Als Blutdruck wird die Kraft pro Fläche bzw. der Druck des Blutes auf Gefäßwände der Venen, Arterien und Kapillaren bezeichnet, der durch den Herzschlag ausgelöst wird. Im Sprachgebrauch ist mit dem Begriff Blutdruck jedoch nur der Druck in den größeren Arterien gemeint.

Aufgabe des Blutdrucks ist es, die Blutzirkulation im gesamten Organismus sicherzustellen, um ihn ausreichend mit Sauerstoff und Nährstoffen zu versorgen. Ein gesunder Körper reguliert den Blutdruck dynamisch, das heißt bei Bedarf durch eine erhöhte Herzleistung sowie durch Eng- oder Weitstellung der Adern (Widerstandsgefäße).

Der Druck des Blutes wird in etwa auf Höhe des Herzens gemessen und wird in mmHg (Millimeter Quecksilbersäule) oder in kPa (Kilopascal) ausgedrückt.

In Ruhe schlägt das Herz etwa 70 Mal pro Minute, dabei spannt sich der Herzmuskel an und erschlafft dann wieder. Bei der Anspannungsphase des Herzens (Systole) ziehen sich die Herzkammern zusammen und pumpen das Blut aus dem Herzen über die Aorta in den Lungen- und Körperkreislauf. Wenn sich das Herz am stärksten zusammengezogen hat, ist der Blutdruck am höchsten. Dieser Wert wird als systolischer Blutdruck bezeichnet.

Bei der Entspannungsphase des Herzens (Diastole) weiten sich die Herzkammern wieder und füllen sich erneut mit Blut. In dieser Phase wird kein Blut in den Lungen- und Körperkreislauf gepumpt. In der Folge sinkt der Blutdruck. Der niedrigste Wert des Druckes wird als diastolischer Blutdruck bezeichnet. 

Deshalb werden bei einer Blutdruckmessung immer 2 Werte angegeben, zum Beispiel mit 120/80 mmHg (wörtlich: 120 zu 80) angegeben. Der erste Wert gibt die Systole, der zweite Wert die Diastole an.

Physiologische („normale“) Blutdruckwerte liegen bei 120/80 mmHg. Faktoren wie das Alter, das Geschlecht und die körperliche Verfassung beeinflussen diese Werte. Liegen bei einer Blutdruckmessung die Werte dauerhaft über 150/90 mmHg vor, wird von Bluthochdruck (Hypertonie) gesprochen.  

Ein niedriger Blutdruck liegt vor, wenn die Werte bei Frauen unter 100/60 mmHg liegen und bei Männern unter 105 mmHg/65 mmHg.

Die Blutdruckmessung ist ein wichtiges diagnostisches Mittel, um gesundheitliche Beeinträchtigungen der Herz- und Kreislauffunktionen rechtzeitig zu erkennen.
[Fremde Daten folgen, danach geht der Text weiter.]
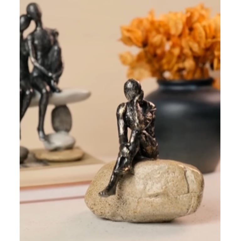 ESTATUETA PESSOA SENTADA NA PEDRA PENSANDO 15,5X11X15 CM RESINA
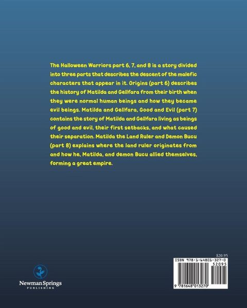 The Halloween Warriors part 6, 7, and 8 is a story divided into three parts that describes the descent of the malefic characters that appear in it. Origins (part 6) describes the history of Matilda and Gellfara from their birth when they were normal human beings and how they became evil beings. Matilda and Gellfara, Good and Evil (part 7) contains the story of Matilda and Gellfara living as beings of good and evil, their first setbacks, and what caused their separation. Matilda the Land Ruler and Demon Bucu (part 8) explains where the land ruler originates from and how he, Matilda, and demon Bucu allied themselves, forming a great empire.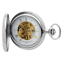 Buying Charles-Hubert, Paris Sterling Silver Two-Tone Mechanical Pocket Watch. Mechanical movement, Dress pocket watch, Gold-tone hands & Roman numerals, Sterling silver, Skeleton dial, Push down crown to open Skeleton dial with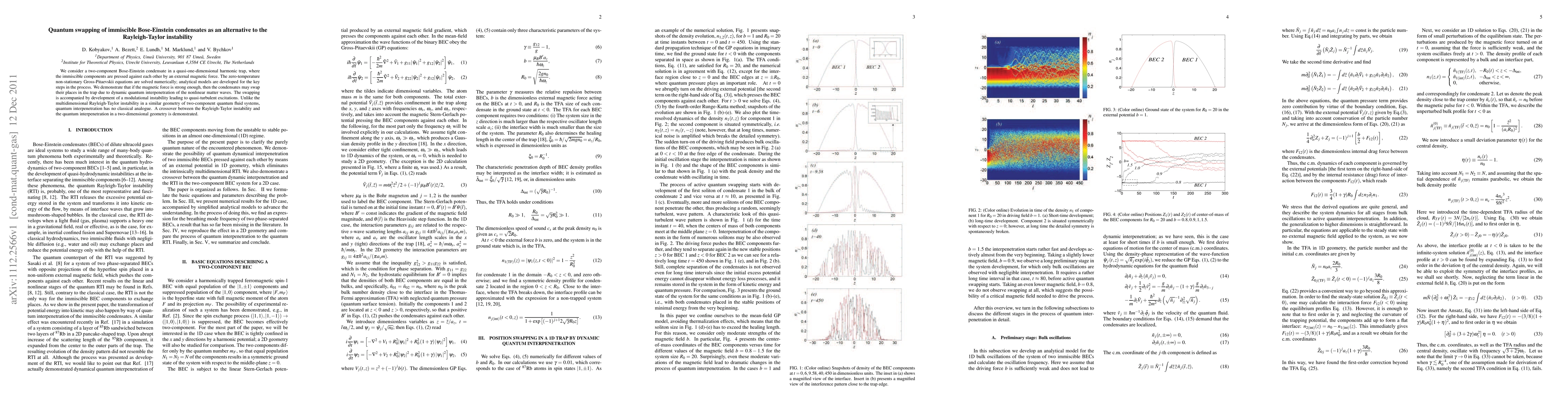 This paper investigates quantum swapping of immiscible Bose-Einstein condensates in a quasi-one-dimensional trap, showing that strong magnetic forces can induce dynamic quantum interpenetration, leading to modulational instability and quasi-turbulent excitations. Unlike the classical Rayleigh-Taylor instability, this quantum process lacks a classical analogue.
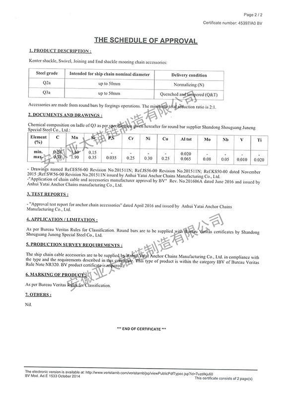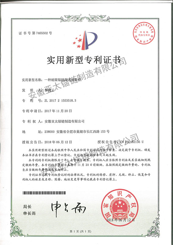 安徽亞太錨鏈制造有限公司是國(guó)家高新技術(shù)企業(yè),也是國(guó)家GB/T 549-2017《電焊錨鏈》標(biāo)準(zhǔn)的起草和制定單位之一。公司旗下設(shè)有錨鏈分廠、浮標(biāo)分廠、舾裝件分廠等多個(gè)分廠。公司專業(yè)從事φ12.5mm-φ107mm二、三級(jí)船用錨鏈、浮標(biāo)錨鏈、錨鏈附件,錨、船舶曬裝產(chǎn)品、航標(biāo)、系船浮、船型標(biāo)、多種規(guī)格海洋監(jiān)測(cè)浮標(biāo)及航標(biāo)燈等產(chǎn)品的生產(chǎn)、安裝和服務(wù)。目前公司的產(chǎn)品銷往全國(guó)各地船廠、碼頭、航標(biāo)處、航道局、海洋局,并已走上國(guó)際市場(chǎng),如東南亞、中東、歐美等國(guó)家。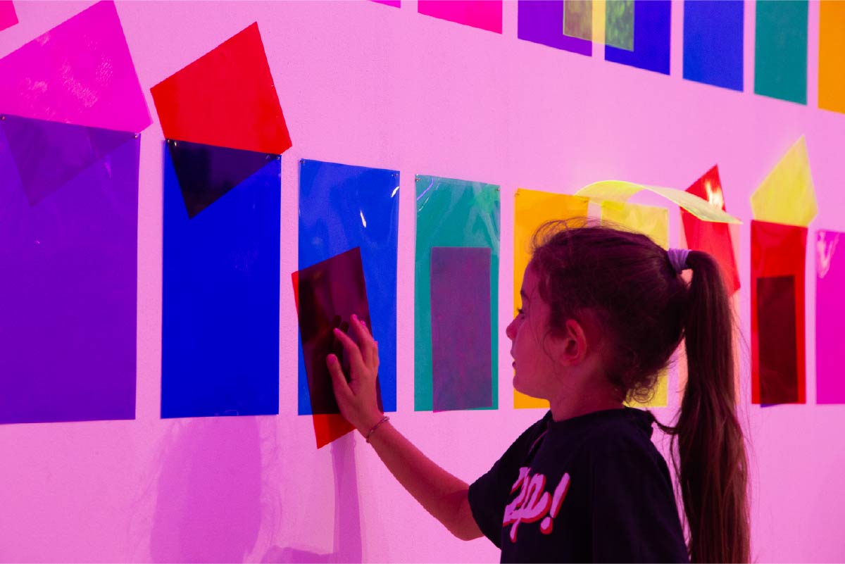 Neppure chi progetta un allestimento o un laboratorio sa fino in fondo l’effetto che questo avrà alla fine. Potrebbero accadere cose che non si erano preventivate e che aprono a nuove possibilità. Puoi pensare di appendere, ad esempio, una serie di gelatine colorate a una parete e anche immaginare un sistema che permetta ai bambini di prenderle e riattaccarle. Ma accade che, mentre le sistemi, la carica elettrostatica di ogni foglio sveli una magia: la gelatina resta attaccata da sola alle pareti. Posso sovrapporla, sottoporla, accostarla creando davvero infinite sfumature di colore.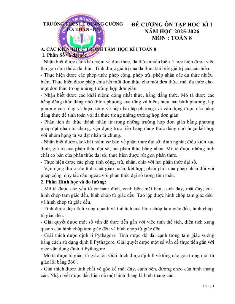 MonToan.com.vn giới thiệu đến quý thầy, cô giáo và các em học sinh đề cương ôn thi cuối học kì 1 môn Toán 8 năm học 2025 – 2026 trường THCS Lê Quang Cường, thành phố Hồ Chí Minh.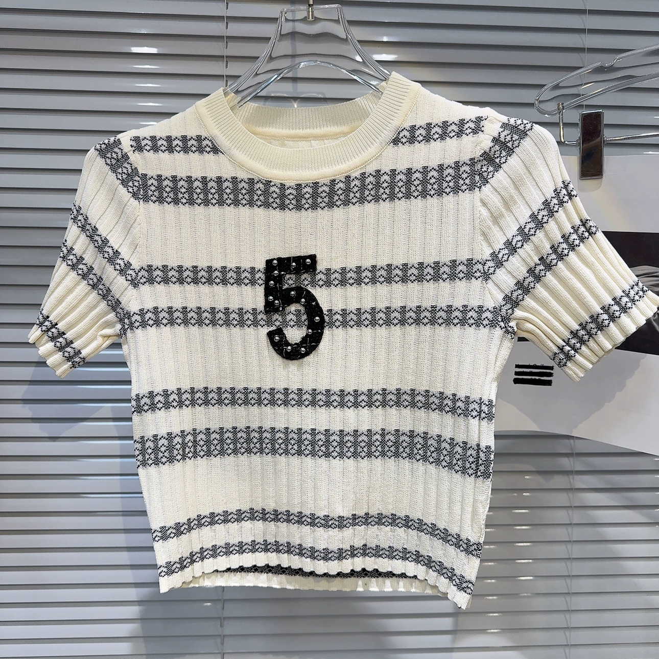 Internet celebrity Xiaoxiang style digital striped T-shirt embroidery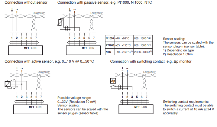 Предусмотрено подключение к электроприводу Belimo SR24ALON активных либо пассивных преобразующих датчиков, а также переключающих контактов. Благодаря этому возможно легко оцифровать аналоговый сигнал и передать в LONWORKS®.

Einteilung Blutdruckwerte - Blutdrucktabelle

Blutdruckwerte sind auch altersabhängig, in jungen Jahren sind sie niedriger als im Alter. So haben Säuglinge einen normalen Blutdruck bei 85/65 mmHg, 6-jährige bei 95/60 mmHg und 14-jährige etwa bei 110/70 mmHg.

Bei Erwachsenen gilt ein Blutdruck von 120/80 als optimal, Werte unter 105/65 gelten als niedriger Blutdruck (Hypotonie) und Werte die 140/90 übersteigen werden als Bluthochdruck (Hypertonie) eingestuft. Die folgende Tabelle dient der Beurteilung des Blutdrucks.

Blutdrucktabelle

Systole (mmHg)
(1. Messwert)Diastole (mmHg)
(2. Messwert)
Niedrig<105<65
Optimal<120<80
Normal<130<85
Hoch-normal130-13985-89
Hypertonie Grad 1140-15990-99
Hypertonie Grad 2160-179100-109
Hypertonie Grad 3>179>109

Natürliche Blutdruckschwankungen

Tatsächlich ist unser Blutdruck nicht immer konstant, sondern passt sich im Laufe des Tages an die Gegebenheiten an. Das Lebensalter, das Geschlecht sowie die Tageszeit sind Faktoren die wir dabei nicht beeinflussen können. Aber auch Ernährung, Körpergewicht, körperliche und seelische Belastungen oder bestimmte Medikamente lassen den Blutdruck schwanken.

Körperliche oder psychische Belastungen lassen die Blutdruckwerte ansteigen, in ruhigen Tagesphasen sinkt dagegen der Blutdruck, damit sich das Herz wieder erholen kann. Blutdruckschwankungen sind daher meist eine natürliche Anpassung des Körpers an die täglichen Beanspruchungen und pendeln sich bei gesunden Menschen schnell wieder ein.

Bei auffälligen Blutdruckschwankungen kann es sinnvoll sein, zu verschiedenen Tageszeiten den Blutdruck zu messen oder eine 24-Stunden-Blutdruckmessung durchzuführen.

Bluthochdruck (arterielle Hypertonie)

Der chronische Bluthochdruck (arterielle Hypertonie) ist eine Erkrankung des Herz-Kreislauf-Systems und zählt zu den Hauptrisikofaktoren einer Arteriosklerose und somit für Herzinfarkt und Schlaganfall.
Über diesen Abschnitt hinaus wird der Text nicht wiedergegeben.